Guivi Sissaouri

Personal information
- Native name: გივი სისაური
- Nationality: Georgia Canada
- Born: Guivi Sissaouri April 15, 1971 (age 55) Tbilisi, Georgian Soviet Socialist Republic
- Home town: Montreal, Quebec, Canada
- Height: 163 cm (5 ft 4 in)

Sport
- Country: Canada
- Sport: Wrestling
- Weight class: 57–58 kg
- Event: Freestyle

Medal record
Men's freestyle wrestling
Representing Canada
Olympic Games
| Silver medal – second place | 1996 Atlanta | 57 kg |
World Championships
| Gold medal – first place | 2001 Sofia | 58 kg |
| Silver medal – second place | 1995 Atlanta | 57 kg |
| Bronze medal – third place | 1997 Krasnoyarsk | 58 kg |
| Bronze medal – third place | 1998 Tehran | 58 kg |
World Cup
| Gold medal – first place | 2002 Spokane | 60kg |
Commonwealth Games
| Gold medal – first place | 2002 Manchester | 60 kg |
Pan American Games
| Silver medal – second place | 2003 Santo Domingo | 60 kg |
| Gold medal – first place | 1999 Winnipeg | 58 kg |

= Guivi Sissaouri =

Georgian-Canadian wrestler

Guivi "Gia" Sissaouri (გივი სისაური, born April 15, 1971) is a Georgian-Canadian former freestyle wrestler.

==Biography==
Born in Tbilisi, Georgia, Sissaouri began wrestling at age ten. He would later become a citizen of Canada.
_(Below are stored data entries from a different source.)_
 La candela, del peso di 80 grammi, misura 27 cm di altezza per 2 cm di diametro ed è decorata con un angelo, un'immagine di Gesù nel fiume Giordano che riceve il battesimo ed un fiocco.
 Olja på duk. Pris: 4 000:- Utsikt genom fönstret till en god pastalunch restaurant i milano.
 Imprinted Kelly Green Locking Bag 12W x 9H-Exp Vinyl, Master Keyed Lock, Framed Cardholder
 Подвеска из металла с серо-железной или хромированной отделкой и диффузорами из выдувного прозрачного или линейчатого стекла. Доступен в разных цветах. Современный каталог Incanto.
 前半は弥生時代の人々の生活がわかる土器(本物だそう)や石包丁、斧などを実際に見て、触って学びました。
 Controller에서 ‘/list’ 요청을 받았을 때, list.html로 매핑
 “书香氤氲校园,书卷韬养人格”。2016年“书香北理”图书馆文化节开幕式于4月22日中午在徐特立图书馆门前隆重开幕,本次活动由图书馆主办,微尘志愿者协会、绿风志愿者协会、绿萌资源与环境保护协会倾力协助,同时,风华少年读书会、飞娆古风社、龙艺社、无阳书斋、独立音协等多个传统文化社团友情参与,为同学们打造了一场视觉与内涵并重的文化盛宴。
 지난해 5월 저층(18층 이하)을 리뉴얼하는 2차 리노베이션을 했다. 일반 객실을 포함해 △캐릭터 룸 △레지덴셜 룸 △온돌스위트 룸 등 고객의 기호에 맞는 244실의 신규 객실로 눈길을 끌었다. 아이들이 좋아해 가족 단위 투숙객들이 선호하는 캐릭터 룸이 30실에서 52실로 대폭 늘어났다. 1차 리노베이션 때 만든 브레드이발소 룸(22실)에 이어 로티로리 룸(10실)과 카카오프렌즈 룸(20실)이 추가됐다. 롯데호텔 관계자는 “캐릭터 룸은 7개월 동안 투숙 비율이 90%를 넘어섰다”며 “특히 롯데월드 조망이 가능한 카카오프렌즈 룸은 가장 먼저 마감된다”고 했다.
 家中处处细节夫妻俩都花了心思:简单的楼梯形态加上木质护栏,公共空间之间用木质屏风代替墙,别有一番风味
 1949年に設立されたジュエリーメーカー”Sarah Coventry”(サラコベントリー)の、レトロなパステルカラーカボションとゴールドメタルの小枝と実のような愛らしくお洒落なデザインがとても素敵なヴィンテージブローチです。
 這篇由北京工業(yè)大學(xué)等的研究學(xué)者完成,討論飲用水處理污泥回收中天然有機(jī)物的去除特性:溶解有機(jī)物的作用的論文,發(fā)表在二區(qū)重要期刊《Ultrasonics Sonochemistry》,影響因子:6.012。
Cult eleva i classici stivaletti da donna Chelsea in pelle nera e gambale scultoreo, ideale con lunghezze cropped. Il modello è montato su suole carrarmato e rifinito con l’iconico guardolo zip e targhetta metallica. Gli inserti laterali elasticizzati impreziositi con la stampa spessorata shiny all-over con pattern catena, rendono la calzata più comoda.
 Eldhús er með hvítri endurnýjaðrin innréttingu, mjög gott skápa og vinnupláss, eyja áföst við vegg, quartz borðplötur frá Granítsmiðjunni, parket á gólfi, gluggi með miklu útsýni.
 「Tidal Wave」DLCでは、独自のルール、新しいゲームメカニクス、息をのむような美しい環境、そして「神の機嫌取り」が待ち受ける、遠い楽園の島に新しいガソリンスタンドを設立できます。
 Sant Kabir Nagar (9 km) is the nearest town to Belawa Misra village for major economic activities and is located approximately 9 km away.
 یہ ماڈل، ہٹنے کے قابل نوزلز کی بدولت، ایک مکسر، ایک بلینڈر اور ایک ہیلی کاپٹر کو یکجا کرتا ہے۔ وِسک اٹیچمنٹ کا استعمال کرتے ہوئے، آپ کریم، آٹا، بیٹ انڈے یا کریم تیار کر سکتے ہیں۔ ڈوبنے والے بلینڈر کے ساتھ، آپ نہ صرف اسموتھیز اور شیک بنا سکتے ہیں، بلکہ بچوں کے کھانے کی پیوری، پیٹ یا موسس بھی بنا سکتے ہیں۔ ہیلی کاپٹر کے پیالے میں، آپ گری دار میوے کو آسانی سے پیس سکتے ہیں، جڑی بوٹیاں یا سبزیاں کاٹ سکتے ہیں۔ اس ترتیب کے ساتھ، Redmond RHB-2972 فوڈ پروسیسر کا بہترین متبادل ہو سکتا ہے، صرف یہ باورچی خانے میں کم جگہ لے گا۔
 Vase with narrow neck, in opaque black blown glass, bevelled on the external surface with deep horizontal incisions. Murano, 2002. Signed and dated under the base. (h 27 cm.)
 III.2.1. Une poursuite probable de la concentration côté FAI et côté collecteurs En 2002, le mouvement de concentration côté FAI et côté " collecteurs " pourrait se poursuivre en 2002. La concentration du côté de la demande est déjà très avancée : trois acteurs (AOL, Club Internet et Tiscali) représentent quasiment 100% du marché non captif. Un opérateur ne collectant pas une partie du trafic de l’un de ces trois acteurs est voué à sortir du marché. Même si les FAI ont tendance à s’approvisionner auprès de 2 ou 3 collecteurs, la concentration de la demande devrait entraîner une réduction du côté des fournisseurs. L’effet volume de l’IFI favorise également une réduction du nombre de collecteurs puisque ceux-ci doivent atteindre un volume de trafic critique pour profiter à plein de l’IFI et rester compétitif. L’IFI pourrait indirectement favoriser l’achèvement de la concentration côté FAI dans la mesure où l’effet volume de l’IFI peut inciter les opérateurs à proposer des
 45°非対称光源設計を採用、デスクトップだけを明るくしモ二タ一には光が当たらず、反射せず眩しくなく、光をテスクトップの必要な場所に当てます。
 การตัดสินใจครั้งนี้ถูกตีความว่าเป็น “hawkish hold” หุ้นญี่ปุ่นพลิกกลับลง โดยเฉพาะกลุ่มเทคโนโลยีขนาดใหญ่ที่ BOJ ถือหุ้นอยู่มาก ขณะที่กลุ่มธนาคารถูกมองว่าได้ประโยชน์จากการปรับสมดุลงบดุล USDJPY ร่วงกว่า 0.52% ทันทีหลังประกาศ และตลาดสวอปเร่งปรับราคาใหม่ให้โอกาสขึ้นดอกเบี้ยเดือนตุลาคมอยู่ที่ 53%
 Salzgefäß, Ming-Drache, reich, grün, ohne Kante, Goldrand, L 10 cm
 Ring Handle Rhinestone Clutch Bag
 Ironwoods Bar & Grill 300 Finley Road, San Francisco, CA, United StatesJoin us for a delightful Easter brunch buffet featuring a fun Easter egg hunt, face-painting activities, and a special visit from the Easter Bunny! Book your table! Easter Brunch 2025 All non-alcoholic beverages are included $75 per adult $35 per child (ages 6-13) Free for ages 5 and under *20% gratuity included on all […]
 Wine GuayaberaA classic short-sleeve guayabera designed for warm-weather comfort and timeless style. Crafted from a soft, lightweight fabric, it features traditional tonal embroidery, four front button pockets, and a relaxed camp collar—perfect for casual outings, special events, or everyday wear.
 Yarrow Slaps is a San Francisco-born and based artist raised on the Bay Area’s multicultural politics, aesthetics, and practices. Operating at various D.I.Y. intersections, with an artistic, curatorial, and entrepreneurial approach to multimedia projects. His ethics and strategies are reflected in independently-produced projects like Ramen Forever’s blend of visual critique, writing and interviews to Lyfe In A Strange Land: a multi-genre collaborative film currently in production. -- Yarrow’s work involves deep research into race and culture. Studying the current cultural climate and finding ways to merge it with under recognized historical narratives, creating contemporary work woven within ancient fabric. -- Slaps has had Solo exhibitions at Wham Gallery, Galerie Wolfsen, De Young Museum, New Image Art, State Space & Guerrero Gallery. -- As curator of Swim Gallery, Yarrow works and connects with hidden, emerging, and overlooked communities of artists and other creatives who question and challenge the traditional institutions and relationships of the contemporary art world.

Sissaouri won the silver medal at the 1996 Summer Olympics in the 57 kg class. He also won the gold at the 2001 World Championships at Sofia, Bulgaria in the 58 kg class, a silver at the 1995 World Championships in Atlanta, Georgia in the 57 kg class, a bronze at the 1998 World Championships at Tehran, Iran in the 58 kg class, and another bronze at the 1997 World Championships at Krasnoyarsk, Russia also in the 58 kg class. In the 2002 Commonwealth Games, Sissaouri would win the gold medal in his division. He also competed in the 2004 Olympics, where he defeated the 2000 Olympic champion Murad Umakhanov and 2004 European champion Tevfik Odabaşı, but lost his third round and finished in sixth place.

Sissaouri also appeared on season 12 of The Ultimate Fighter as Georges St-Pierre's wrestling coach.
He trains at the Montreal Wrestling Club.